# Work order:
Print only the lines from the top of the data through the line with "ワンピース キッズ 女の子", both included, skipping every picture.

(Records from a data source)

◇ ◇ ◇ ◇

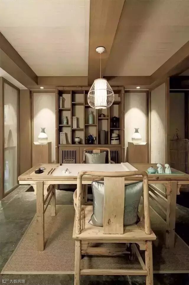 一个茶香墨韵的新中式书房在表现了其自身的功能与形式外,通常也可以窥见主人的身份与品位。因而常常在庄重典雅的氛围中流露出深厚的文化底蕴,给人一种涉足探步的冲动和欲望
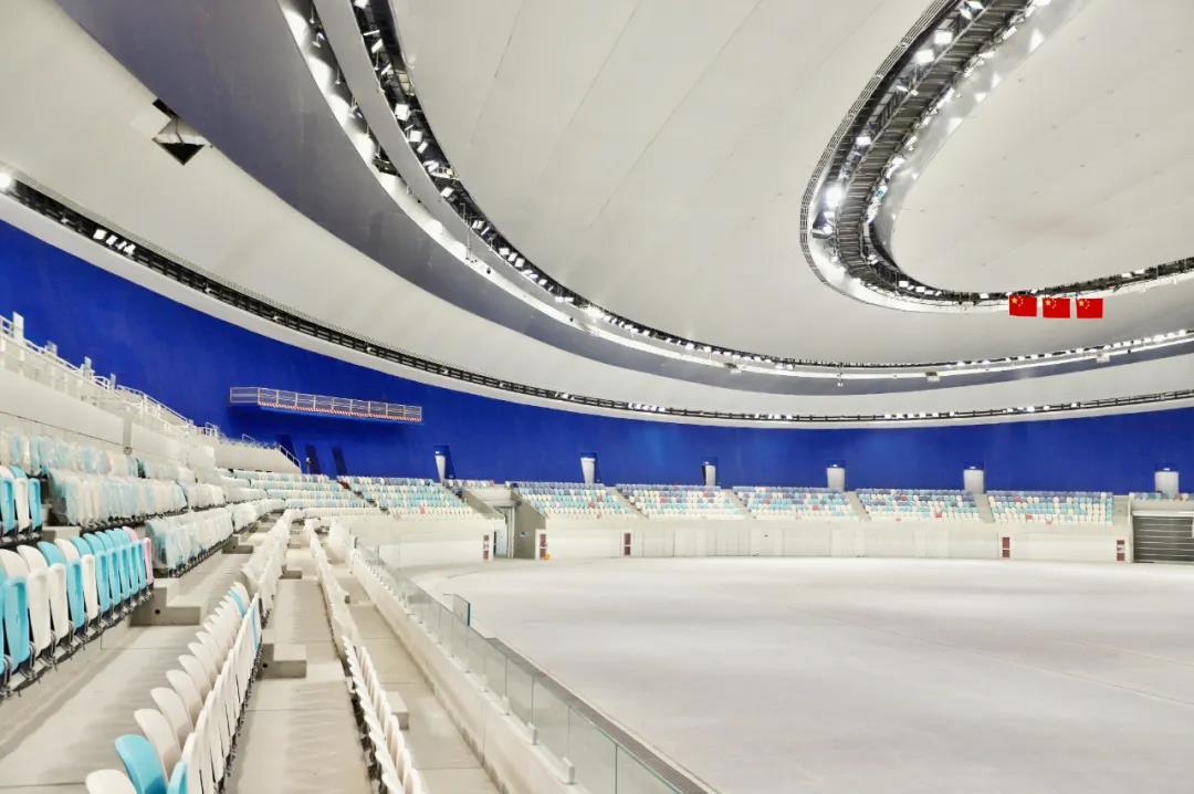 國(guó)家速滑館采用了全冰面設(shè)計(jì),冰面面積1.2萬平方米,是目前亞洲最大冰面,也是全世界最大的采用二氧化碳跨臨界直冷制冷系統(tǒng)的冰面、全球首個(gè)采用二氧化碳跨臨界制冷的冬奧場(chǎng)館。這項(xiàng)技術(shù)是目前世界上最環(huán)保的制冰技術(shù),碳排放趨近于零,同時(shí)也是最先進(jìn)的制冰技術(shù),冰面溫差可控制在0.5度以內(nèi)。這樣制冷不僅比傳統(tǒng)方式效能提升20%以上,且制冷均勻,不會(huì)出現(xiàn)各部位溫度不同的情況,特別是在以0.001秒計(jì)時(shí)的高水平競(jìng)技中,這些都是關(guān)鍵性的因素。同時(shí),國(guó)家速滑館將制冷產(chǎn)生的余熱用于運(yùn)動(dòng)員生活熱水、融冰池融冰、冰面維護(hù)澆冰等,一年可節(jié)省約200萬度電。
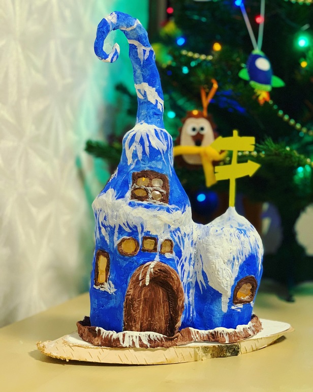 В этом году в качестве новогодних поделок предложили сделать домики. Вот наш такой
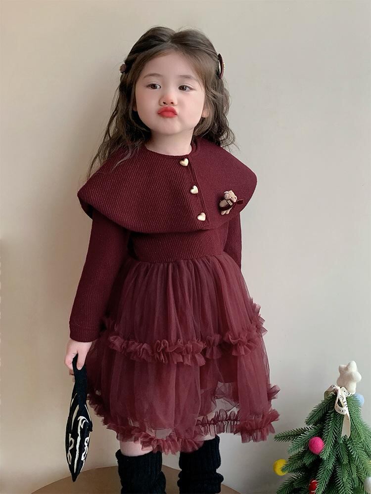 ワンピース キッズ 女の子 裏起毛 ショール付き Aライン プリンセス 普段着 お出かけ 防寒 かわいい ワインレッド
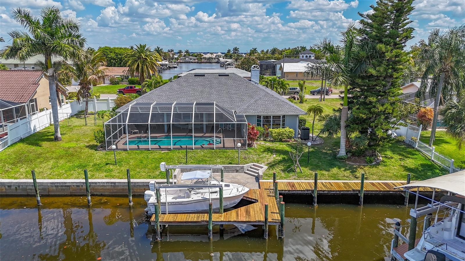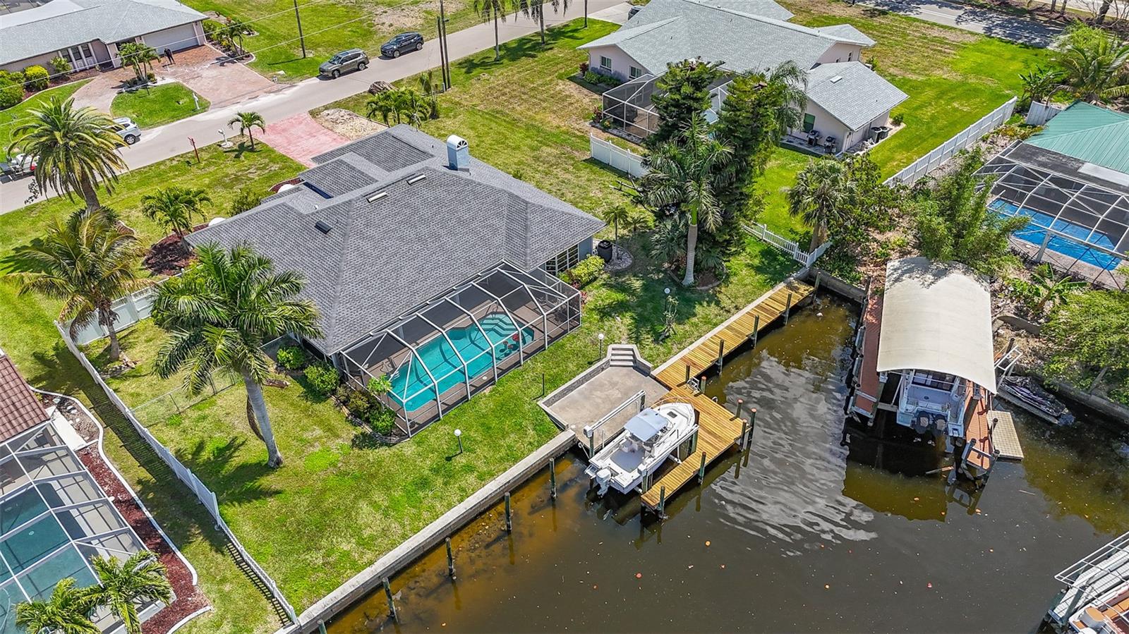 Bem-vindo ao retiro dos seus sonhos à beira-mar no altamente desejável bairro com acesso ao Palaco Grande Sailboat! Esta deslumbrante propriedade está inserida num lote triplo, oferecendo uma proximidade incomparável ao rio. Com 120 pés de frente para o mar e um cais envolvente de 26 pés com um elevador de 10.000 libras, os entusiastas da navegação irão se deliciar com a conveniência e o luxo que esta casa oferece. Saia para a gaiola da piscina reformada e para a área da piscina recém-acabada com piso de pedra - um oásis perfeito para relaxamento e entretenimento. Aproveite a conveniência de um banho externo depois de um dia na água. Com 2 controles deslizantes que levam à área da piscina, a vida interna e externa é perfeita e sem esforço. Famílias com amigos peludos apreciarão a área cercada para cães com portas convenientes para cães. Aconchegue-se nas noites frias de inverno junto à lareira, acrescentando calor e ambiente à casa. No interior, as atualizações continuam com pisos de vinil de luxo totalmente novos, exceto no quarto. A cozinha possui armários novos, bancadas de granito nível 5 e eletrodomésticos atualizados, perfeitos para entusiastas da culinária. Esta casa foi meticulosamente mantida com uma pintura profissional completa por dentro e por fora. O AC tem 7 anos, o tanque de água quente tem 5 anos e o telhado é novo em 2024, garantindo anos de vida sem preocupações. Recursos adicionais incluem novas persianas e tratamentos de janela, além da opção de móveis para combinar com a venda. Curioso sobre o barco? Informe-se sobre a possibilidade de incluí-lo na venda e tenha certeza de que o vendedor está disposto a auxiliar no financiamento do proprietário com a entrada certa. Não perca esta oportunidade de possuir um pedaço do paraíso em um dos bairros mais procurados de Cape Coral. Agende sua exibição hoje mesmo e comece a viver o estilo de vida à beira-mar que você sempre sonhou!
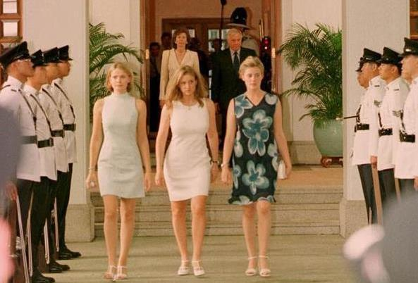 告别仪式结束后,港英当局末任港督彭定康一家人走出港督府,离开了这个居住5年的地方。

◇ ◇ ◇ ◇

# Your response:
 一个茶香墨韵的新中式书房在表现了其自身的功能与形式外,通常也可以窥见主人的身份与品位。因而常常在庄重典雅的氛围中流露出深厚的文化底蕴,给人一种涉足探步的冲动和欲望
 國(guó)家速滑館采用了全冰面設(shè)計(jì),冰面面積1.2萬平方米,是目前亞洲最大冰面,也是全世界最大的采用二氧化碳跨臨界直冷制冷系統(tǒng)的冰面、全球首個(gè)采用二氧化碳跨臨界制冷的冬奧場(chǎng)館。這項(xiàng)技術(shù)是目前世界上最環(huán)保的制冰技術(shù),碳排放趨近于零,同時(shí)也是最先進(jìn)的制冰技術(shù),冰面溫差可控制在0.5度以內(nèi)。這樣制冷不僅比傳統(tǒng)方式效能提升20%以上,且制冷均勻,不會(huì)出現(xiàn)各部位溫度不同的情況,特別是在以0.001秒計(jì)時(shí)的高水平競(jìng)技中,這些都是關(guān)鍵性的因素。同時(shí),國(guó)家速滑館將制冷產(chǎn)生的余熱用于運(yùn)動(dòng)員生活熱水、融冰池融冰、冰面維護(hù)澆冰等,一年可節(jié)省約200萬度電。
 В этом году в качестве новогодних поделок предложили сделать домики. Вот наш такой
 ワンピース キッズ 女の子 裏起毛 ショール付き Aライン プリンセス 普段着 お出かけ 防寒 かわいい ワインレッド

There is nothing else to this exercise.